We don't seem to be very insistent about conformity and fashion. More about not caring than skill at reaching a consensus. Perhaps that's worthy of a negative rule?
As I was commuting this dark, torrential rain-swept, and leaf-strewn ride this morning, I recalled this rule for your consideration:
“If you cannot directly see the Road surface (due to a reflecting puddle, a pile of leaves, or whatever), a pothole may lurk.”
I learned this rule from two misfortunes, one personal, and one vicarious but fatal. It’s a specific corollary to Jim’s Law of the Road, Commutinati Rule #3a, and another argument to use a rearview mirror.
Another wet weather aphorism is “Watch out for wet painted Road markings,” perhaps not worthy of a Rule, but a good admonition IMO.
PS: Re Rule #1 :
The last time I rode in such a drenching rain, about two years ago, I got so wet that I developed a presumed blister and subsequent abscess, “down there,” and was off the bike for two weeks. So if you ride in bad weather you may be a badass in more ways than one. :o
Rule # ___
As shared by my co-worker and fellow commuter James P., in praise of fenders for city bikes:
That puddle? It's urine. ALWAYS ASSUME IT IS URINE.
Probably also hiding a pothole.
To better characterize a baddass cold ride, I would offer this definition from the Winter Cycling Forum: One on which your water bottle freezes solid---a function of temperature and distance (time). For my 14 mile one-way ride, it happens at about 15* F and below.
what will the minimum number of rides per week be?
Since these Rules are to be a Complete Compendium to Keep Cyclists Safe, I would like to amend this proposed Rule:
I was prompted by this post, and my reply:
So I recommend adding this clause:
“Even if you can see the road surface at the bottom of a puddle, at freezing temperatures and especially without studded tires, it’s best to avoid all puddles.”

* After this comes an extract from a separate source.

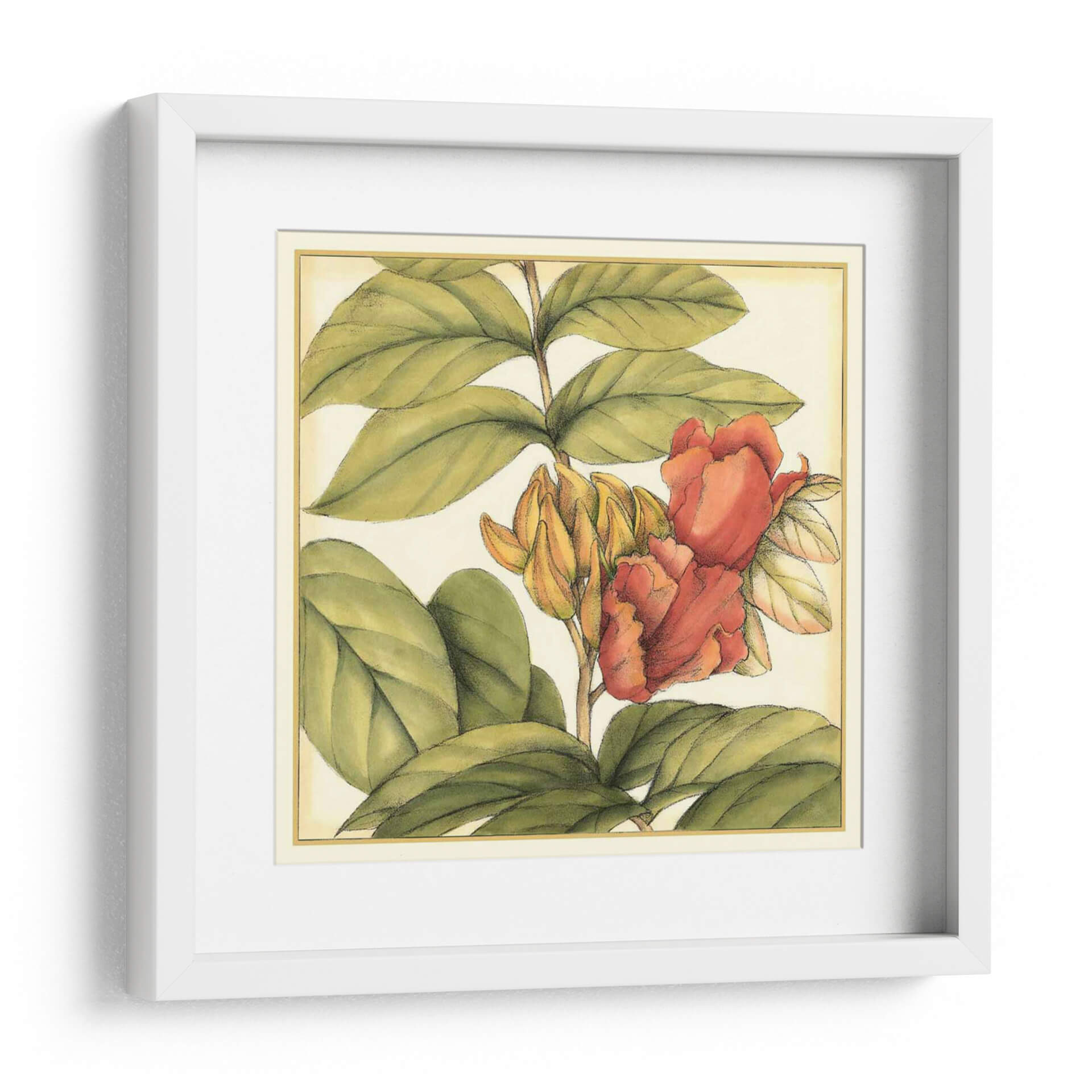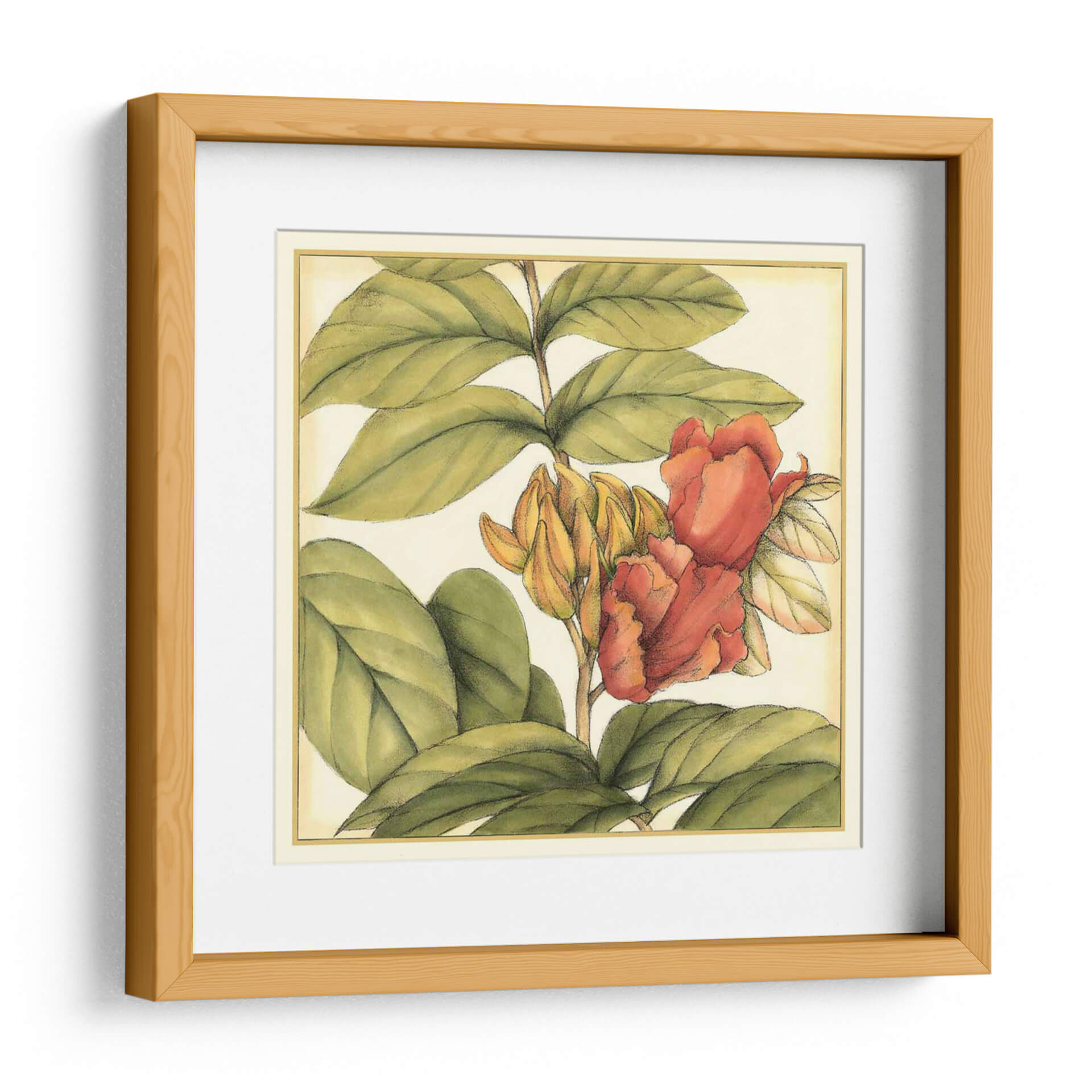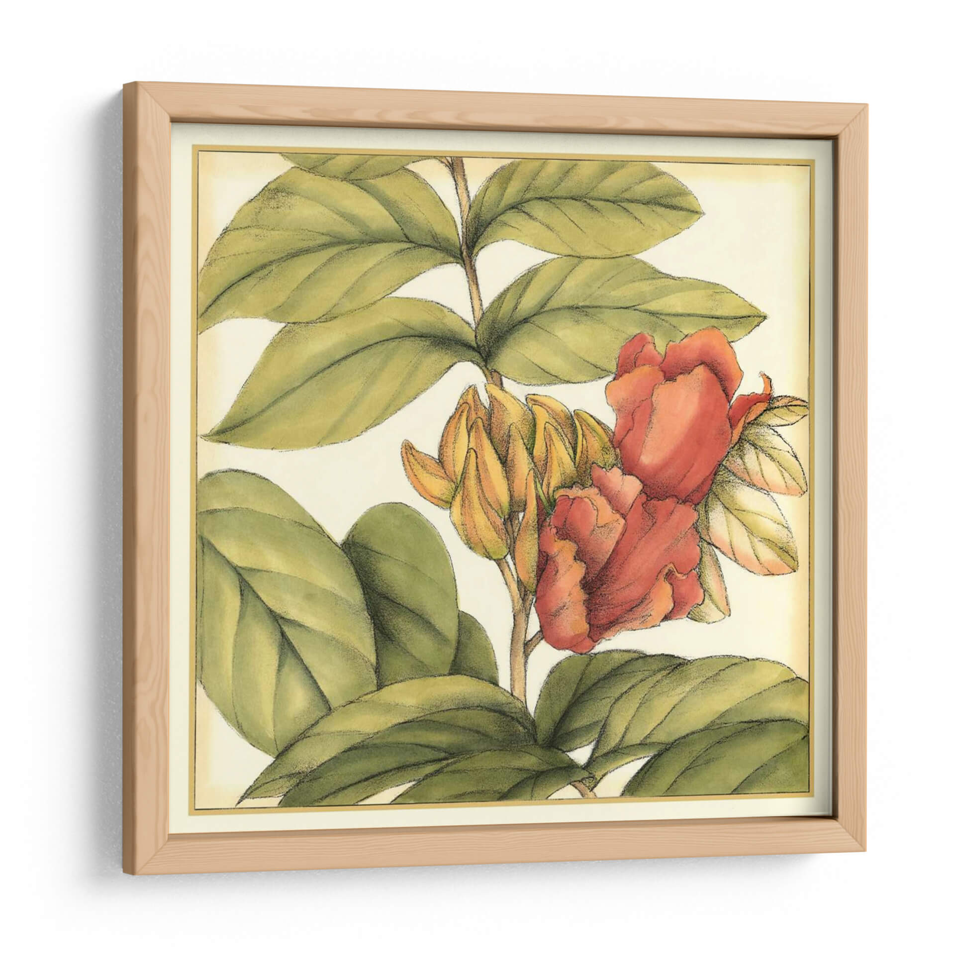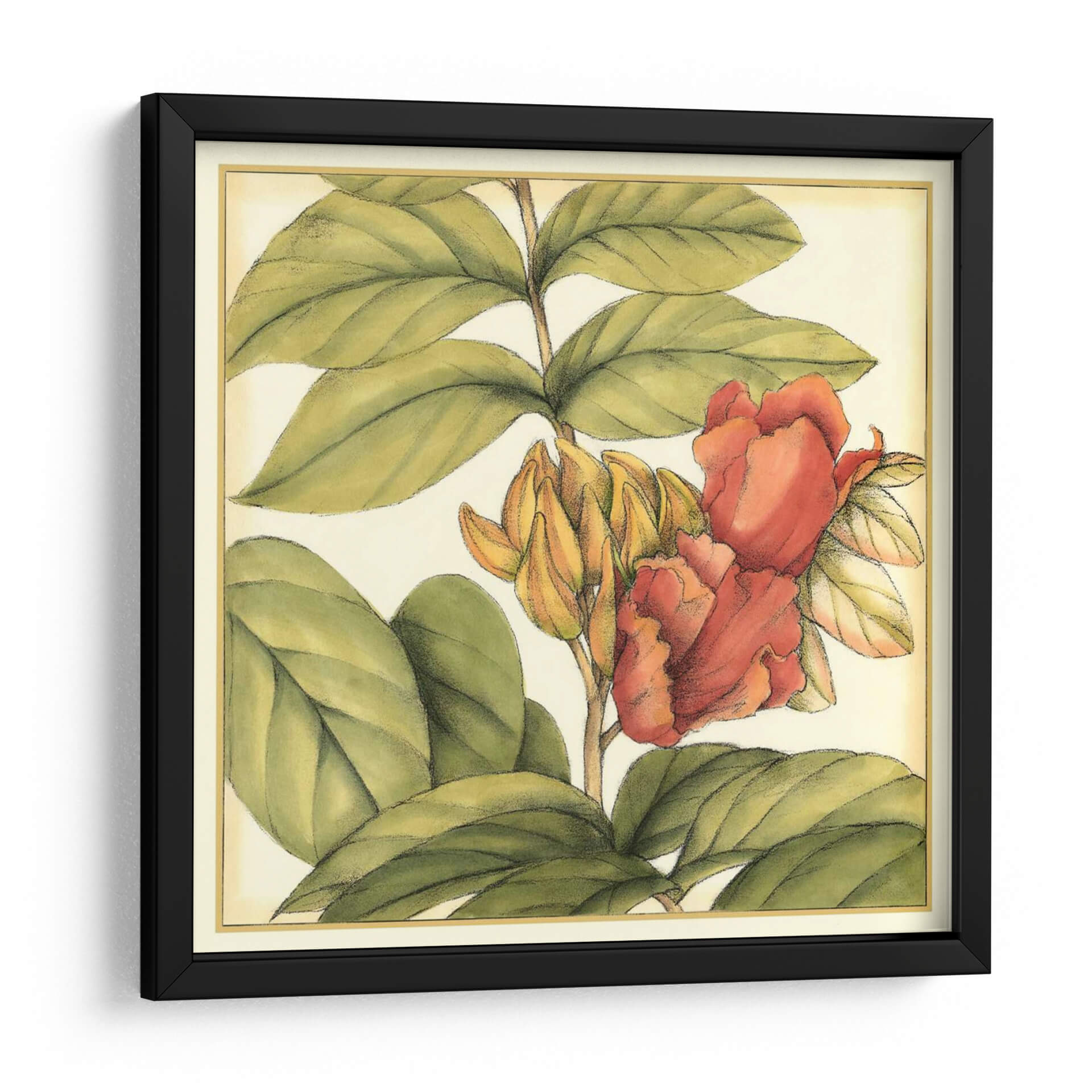 Sumérgete en la exuberante belleza de "Floraciones Tropicales Y Follaje III", una cautivadora obra de arte de Jennifer Goldberger que captura la esencia vibrante de la naturaleza. Este cuadro decorativo presenta un detallado primer plano de flores tropicales de color naranja rojizo, junto a capullos amarillos aún por abrir, rodeadas de un follaje verde profundo y frondoso. La paleta de colores, rica en tonos tierra y verdes, crea una atmósfera de serenidad y vitalidad, aportando un toque de frescura botánica a cualquier espacio. El estilo de la obra, con sus delicadas pinceladas y su enfoque en el detalle natural, evoca una sensación de calma y admiración por la flora. Ideal para quienes buscan infundir a sus hogares u oficinas una conexión con la naturaleza, este cuadro es perfecto para añadir un punto focal orgánico y lleno de vida. Imagina esta pieza embelleciendo tu sala de estar, aportando un toque de elegancia natural a tu dormitorio o inspirando creatividad en tu estudio. "Floraciones Tropicales Y Follaje III" es más que una simple decoración; es una ventana a un paraíso botánico que transformará tu ambiente.

Hmm. I never had this problem on rides, but I spent a winter in a drafty home with broken-out windows and a malfunctioning heater near the base of Mt Shasta. If I left any water in cups or bottles in my bedroom (as in a water bottle on my bike) it'd be frozen solid when I woke up.
I have proposed this definition of a cold, “badass” ride on several different threads about winter riding, in particular those involved with eyewear to prevent fogging. Many subscribers enthusiastically endorse their solutions with no particular reference to their riding conditions, mainly temperatures and distance (time). So the time spent on the Road necessary to freeze a water bottle solid is a function of those two variables, and IMO defines a cold ride.